This graduate-level course examines modern AI from systems and infrastructure perspectives, introducing key concepts and principles in the design, development, optimization, and operation of AI systems. The course emphasizes the perspective of AI systems and infrastructure providers rather than that of application users—you will learn how backend AI systems and infrastructure are designed and operated, rather than how to program CUDA/PyTorch/Triton.
Topics include foundational AI systems concepts such as model compression, hardware acceleration, and AI/ML frameworks, as well as advanced infrastructure techniques for large-scale AI. These include scaling laws, FlashAttention, vLLM, AI compute infrastructure for pretraining, post-training, and model serving; AI network infrastructure, including high-performance network fabrics and collective communication; AI storage infrastructure, including tiered storage and checkpoint management; fault tolerance and operational reliability; and the sustainability of AI infrastructure. Students will develop a quantitative understanding of the tradeoffs among performance, scalability, efficiency, cost, and reliability.

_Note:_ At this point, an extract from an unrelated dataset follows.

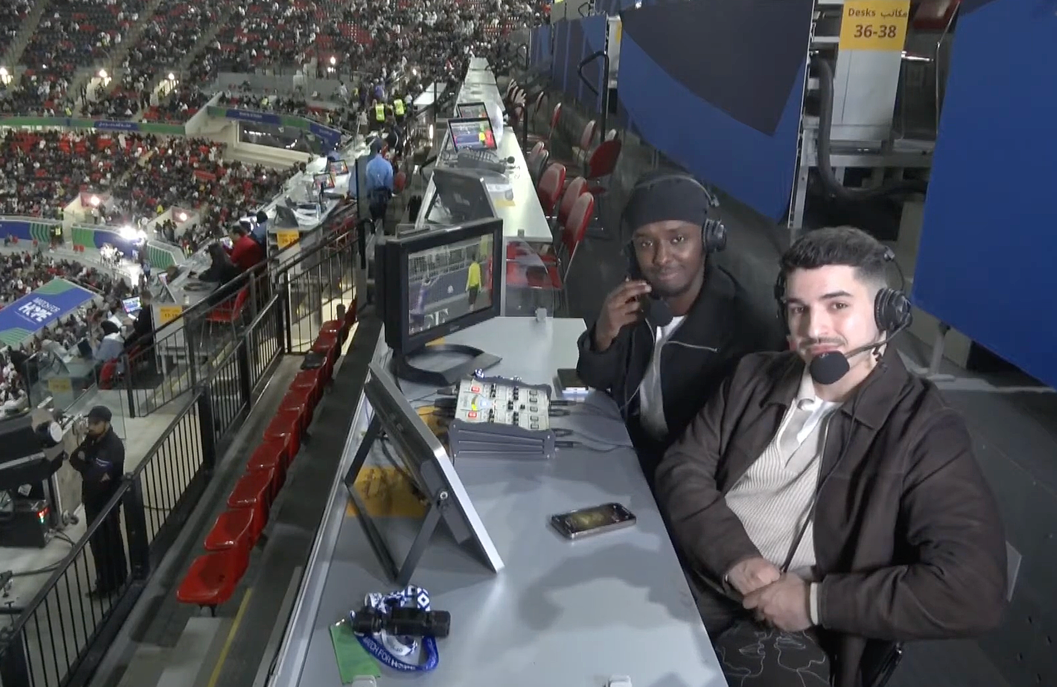 High above the pitch, Lyes and Abz delivered a commentary performance that matched the chaos unfolding below.

They will also gain practical experience through the study and evaluation of real-world AI systems and a course project in which they design and build a distributed AI application.
Lecture Info
- Instructor: Yue Cheng
- Meeting time: MW 9:30am - 10:45am
- Location: Olsson Hall 001
Topic List
- AI systems foundation
- AI compute infrastructure
- AI network infrastructure
- AI storage infraastructure
- Distributed training
- Inference at scale
- FlashAttention
- vLLM
- Speculative decoding
- AI agents
Prerequisite
- CS 4414 (Operating Systems), CS 4740 / CS 6111 (Cloud Computing), or other related systems courses.
- Hands-on system programming skills are strongly recommended.